As to point (1), we disagree with appellant. The General Ceiling Price Regulation (GCPR) provided in part as follows:
Sec. 14(16 Fed.Reg. 814, as amended, 32A C.F.R. 1460):
"Exemption and Exceptions. This regulation does not apply to the following:
* * * * * *
"(c) Prices or rentals for:
"(1) Materials furnished for publication by any press association or feature service."
This court agrees with the interpretation given to this provision by this circuit in Schinkal v. United States, 9 Cir., 225 F.2d 882, at page 884, in which Judge Chambers stated:
"We find that the appellant makes a very fine argument, but we reject it, believing that the exemption in the act for `materials used for publication by any press association or feature service' was designed to protect sources of public information against control rather than Schinkal's publications, if such they be."
It is to be noted that the Schinkal case, as in this case, involved the "juke box" business.
As to point (2), we also disagree with the appellant. Under General Overriding Regulation 14,7 it was provided in part as follows:
"Sec. 3. Exceptions.
"(a) No ceiling price regulation now or hereafter issued by the Office of Price Stabilization shall apply to the rates, fees and charges for the supply of the services listed below and the services which fall within the scope of the occupations or categories listed below:
"(2) Actors and actresses;
* * * * * *
* * * * * *
* * * * * *
* * * * * *
"(51) Program elements (package productions) furnished by independent contractors (package producers) for use in radio or television broadcasting or in motion picture, theatre, or night club * * *;
"(54) Sports officials;
* * * * * *
"(77) Managers of actors, actresses and athletes."
Appellant argues that the Office of Price Stabilization in adopting GOR 14 intended to exempt from the application of CPR 34 all entertainers, and that the "juke box" industry fits within the term "entertainer". We agree with the government that these portions of the regulation were enacted to exempt certain recognized professional persons whose services are unique and whose charges often depend upon their personal reputations. The appellant does not fall within this classification. This position is borne out by the fact that after the adoption of GOR 14 other forms of entertainment, such as bowling alleys, golf courses, and recreational facilities were clearly covered by O.P.S. regulations and were subject to price control.8 Thus, the mere fact that a person's business involved some aspect of entertainment to the public did not per se exempt it from price regulation.
It is to be noted that subsequent to the time period involved in this case an amendment was made to GOR 14 which decontrolled the juke box business.9 Thus, it can be assumed that before the amendment, juke boxes were under price controls, otherwise there would not have been need for such amendment.
The judgment is affirmed.
1. 16 Fed.Reg. 4446, as amended, 32A C.F.R. 732.

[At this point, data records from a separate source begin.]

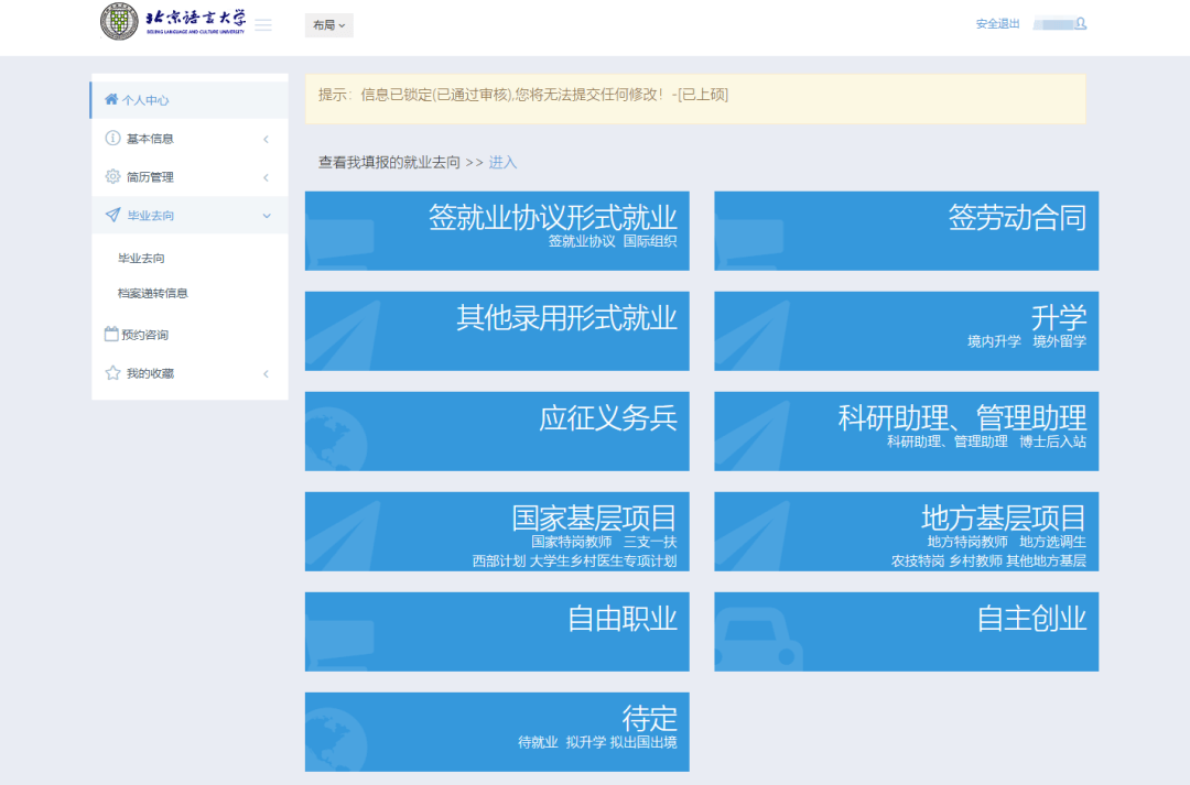 已落实毕业去向的毕业生点击左侧工具栏【毕业去向】,在线填报毕业去向并按照要求上传相应证明材料。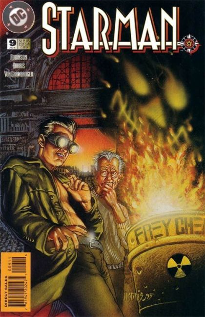 Cover by Tony Harris. Shards, script by James Robinson, art by Tony Harris and Wade von Grawbadger. Freeing the alien ex-Starman from the carnival, Jack Knight brings the former captive to his father for safekeeping. Meanwhile, the Mist's daughter breaks out of prison, and the Shade learns that a mysterious killer is causing the citizens of Opal City to disappear, one by one. From the Shade's Journal text story by James Robinson. The Shade writes about the original Starman's first appearances.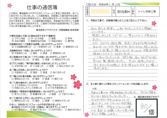 トイレを設置した職人さんは手入れの注意点なども説明して下さり、役立ちました。
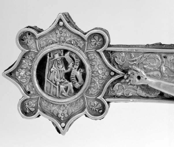 Face antérieure, fleuron gauche : saint JérômeImmatriculation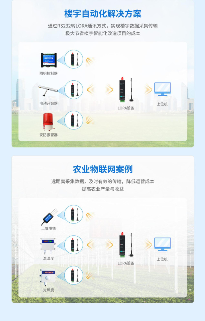 通过RS232转LORA通讯方式,实现楼宇数据采集传输极大节省楼宇智能化改造项目的成本。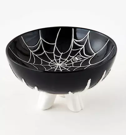 Treat your Halloween guests to a sweet surprise with this spooktacular Spiderweb Treat Bowl with Skeleton Hands.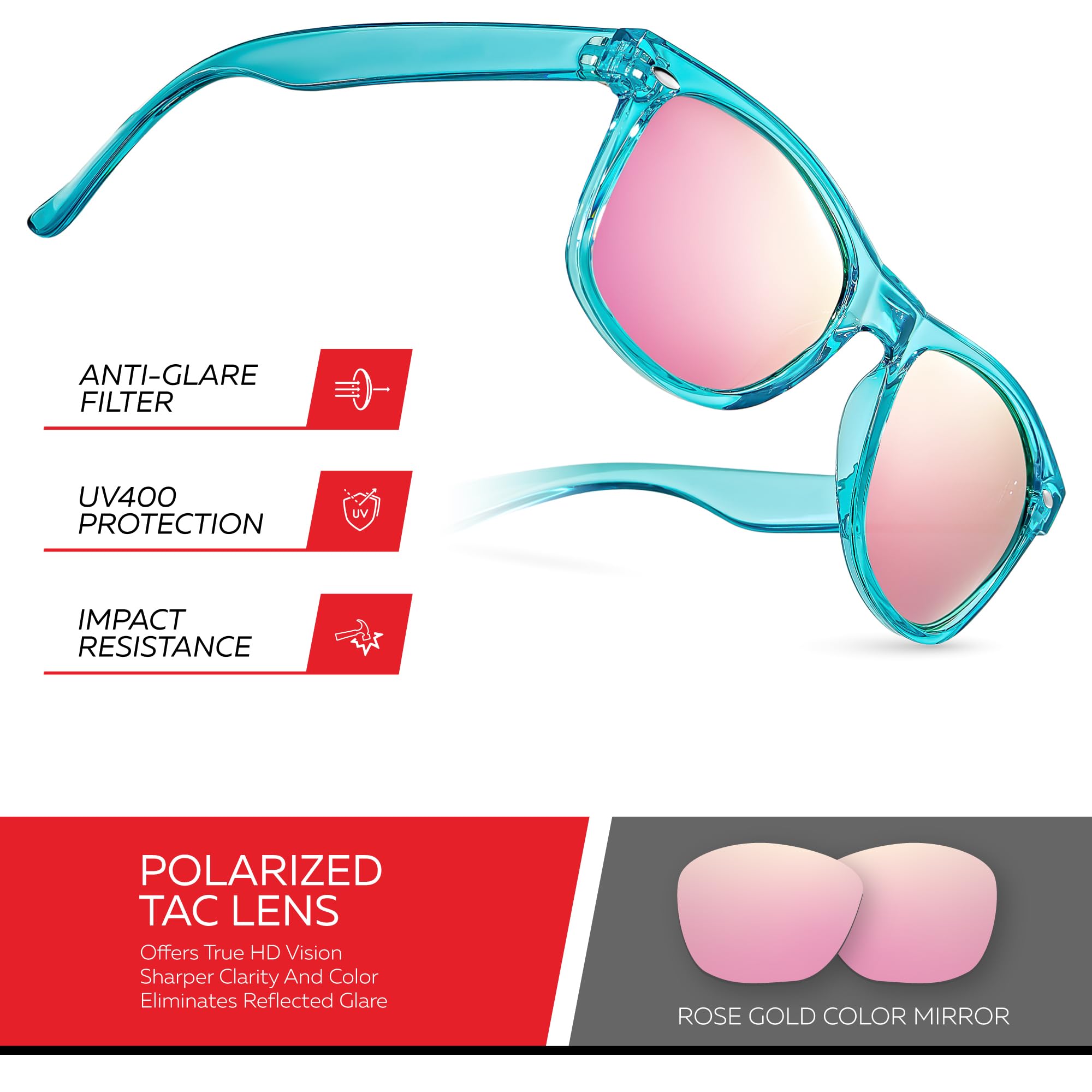🕶️ 1.1MM TAC POLARIZED LENSES WITH UV400 PROTECTION: Keep your eyes safe from that annoying glare from shiny surfaces (e.g. pavement, snow or water) with our designer sunglasses for women and men, which feature polarized anti-glare lenses with UVA & UVB protection.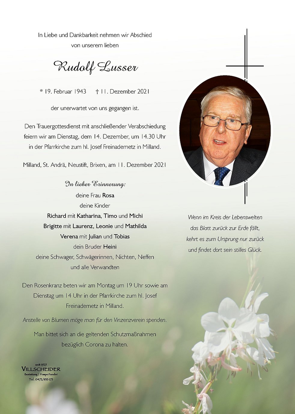 Liebe Rosl!Aufrichtige Anteilnahme und ehrliches Mitgefühl am Heimgang deines lieben Rudi entbietet dir, sowie deinen Kindern und allen deinen Angehörigen herzlichst Annemarie Kiebacher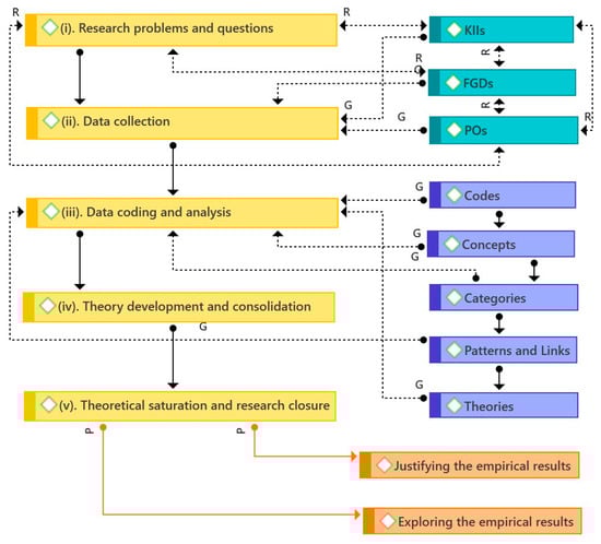 Figure 3. Research processing and analytical framework for the qualitative approach. (Note: Symmetrical dashed arrows with the letter R mean “is associated with”, transitive dashed arrows with the letter G represent “is a part of”, asymmetric solid arrows indicate the orders between components, and asymmetrical solid orange arrows with the letter P mean “is a property of”). Source: Adapted and adopted from Hoang [118] and Tuyen, Sirisupluxana, Bunyasiri and Hung [108].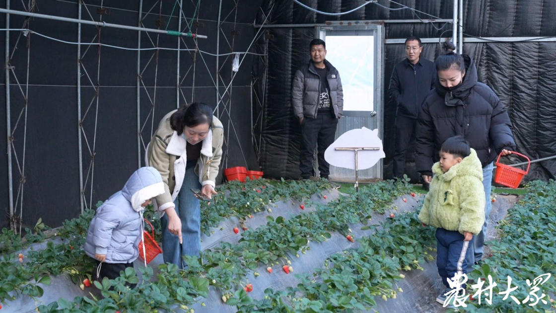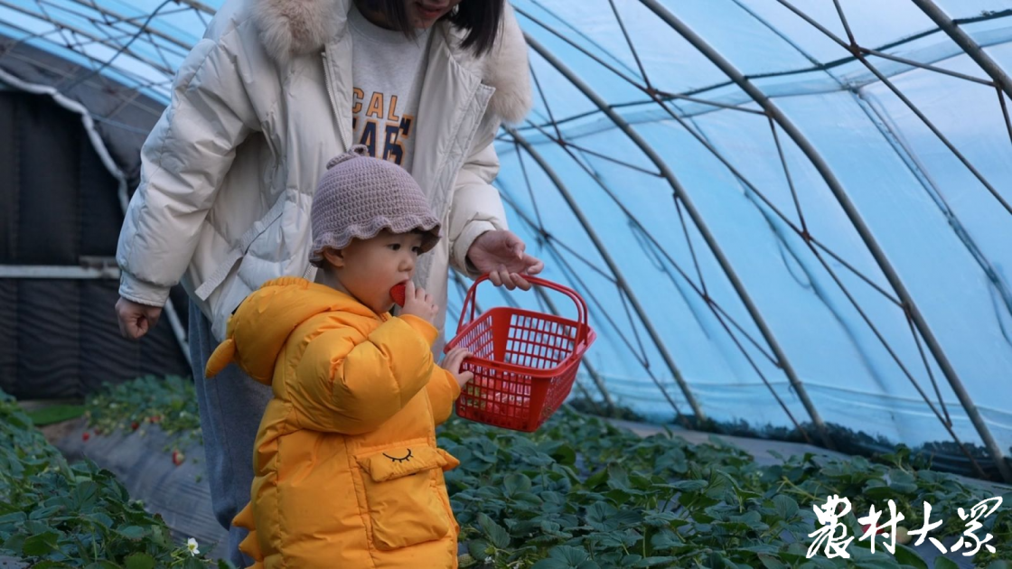 2024年1月11日,太阳即将落山,潍坊市寒亭区鸿征草莓采摘园里却依然热闹着。三个小朋友在家长的带领下,戴着毛线帽,手提采摘篮,兴致勃勃地穿梭在草莓大棚里,笑声和欢呼声此起彼伏。在这个寒冷的季节,“大棚游”成为市民们亲近自然、放松心情的好去处。

2. Defense Production Act, Public Law 774, 64 Stats. at Large 798, 50 U.S.C.A. Appendix § 2061 et seq.
3. See Note 1.
4. See note 1.
5. See note 2.
6. The government in its brief contends that there is some doubt as to the propriety of this ruling, in view of an official O.P.S. interpretation which establishes that the person who controls the juke boxes and makes collections is the seller and is liable for the full amount of overcharges. But the government did not care to raise that issue here.
7. GOR 14, 16 Fed.Reg. 6664 as amended, 32A C.F.R. 1656 (1951).
8. See O.P.S. Release O-130, CCH, Emergency Business Control Service, Par. 70,114.
9. General Overriding Regulation 14 Amendment 27 (1952).